From my heart

15 July 2013

I am writing from the heart this morning (Saturday 13th July) because my heart breaks when I see what happened in Belfast last night. First of all I need to say that there were many things about yesterday which are worth celebrating; Londonderry’s March, with the new banner depicting the Peace Bridge, and similar Demonstrations across the country. Those experiences point us to the day I long for, a day when we can celebrate our different heritages, without rancour; a day when to celebrate one heritage does not mean “putting down” the other. There were other signs of hope, the return of the statue of the Virgin Mary which had been stolen; the efforts made by the Orange Order and many politicians and church and community leaders before the Twelfth towards ensuring a peaceful day; all of this and more is worth noting.

However this morning we wake once again to pictures of riots, to news of many police officers and others injured and to a lurking fear that this will continue. 

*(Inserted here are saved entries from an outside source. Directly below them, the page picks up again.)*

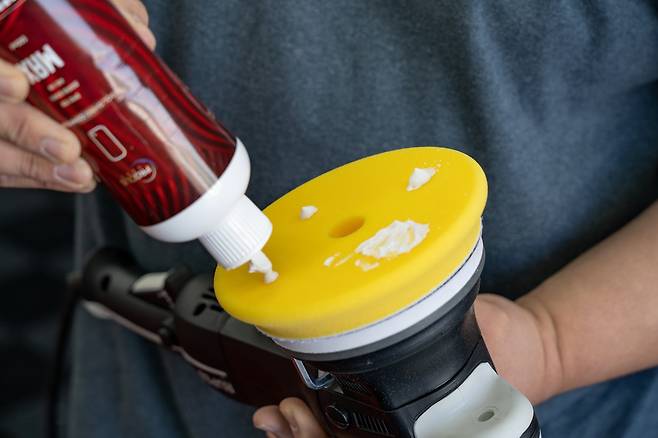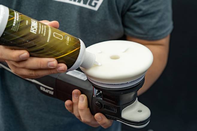 1차 광택 작업으로 굵직한 스크래치를 제거했다면, 이제 마무리 작업을 한 번 더 진행할 차례다. 이번엔 좀 더 부드러운 패드와 연마제를 이용해 미처 제거되지 않은 미세한 흠집들을 없애야 한다. 특히 두 번째 컴파운드는 도장면의 광택감을 더욱 높일 수 있다.
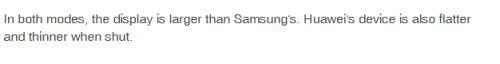 一上来,文章就把华为和三星的折叠屏手机进行比较,除了华为折叠屏手机展开后有8英寸,比三星的7.3英寸更大之外,BBC认为华为手机展开比三星更平,厚度更薄。
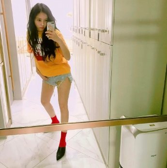 사진 속 효민은 노란색 티셔츠에 짧은 청바지를 입어 캐주얼하며 장난꾸러기 같은 패션을 하고는 그에 걸맞은 익살맞은 포즈를 취했다.

While I understand the frustration felt by many at the ruling of the Parade’s Commission with regard to Ardoyne, there are things this morning which need to be named as wrong. Any action, from any quarter, which fosters sectarian division is wrong. Peaceful protest is one thing but, what happened last night led to rioting. Violence on our streets leads to no good end. Let’s stop playing political games in which the aim is “us” winning and “them” losing. In Northern Ireland we know from bitter, hard and repeated experience that that simply leads to us all losing. This is time for courageous, grace filled action that points to Jesus, who set aside His “rights” for our sake. Let me also say, that sort of action needs to be met with grace and courage, not taken advantage of, or laughed at or seen as naïve or weakness.

Peace will not come to this wonderful, broken city until we have the courage to build it. In Luke’s Gospel we meet Jesus looking over a city he loved and weeping because it was heading towards destruction. While many have heavy hearts this morning I suspect that we do not weep enough. We care, but only a bit. It is time to care deeply; it is time to allow God’s love for this city and everyone in it to so touch our hearts that we act. Christians must not be content to shrug and think there is nothing more that can be done. So can we think about what building peace might mean for us, in our context? Perhaps it’s about rooting out sectarian attitudes which run deep in us; perhaps its committing to build deep, Christ-based relationships with people from other traditions; perhaps it means speaking out for peace rather than staying silent. For Christians it will mean prayer, which is decisive, effective action in itself.

All of us need to take action on the issues which underlie what happens on our streets. There is something fundamentally wrong with society when rioting is seen as recreation. Can we build and be part of a society where all know they are of value, where there is worthwhile work, where all see the point in voting, where education is encouraged and supported?

This morning I write in the light of last night. Of course there are strengths, weaknesses and faults on every side. This is from the heart for God’s people to care so deeply that we weep, and to allow God’s love to touch our hearts and our hands so that we act. That God’s Kingdom might come in Belfast.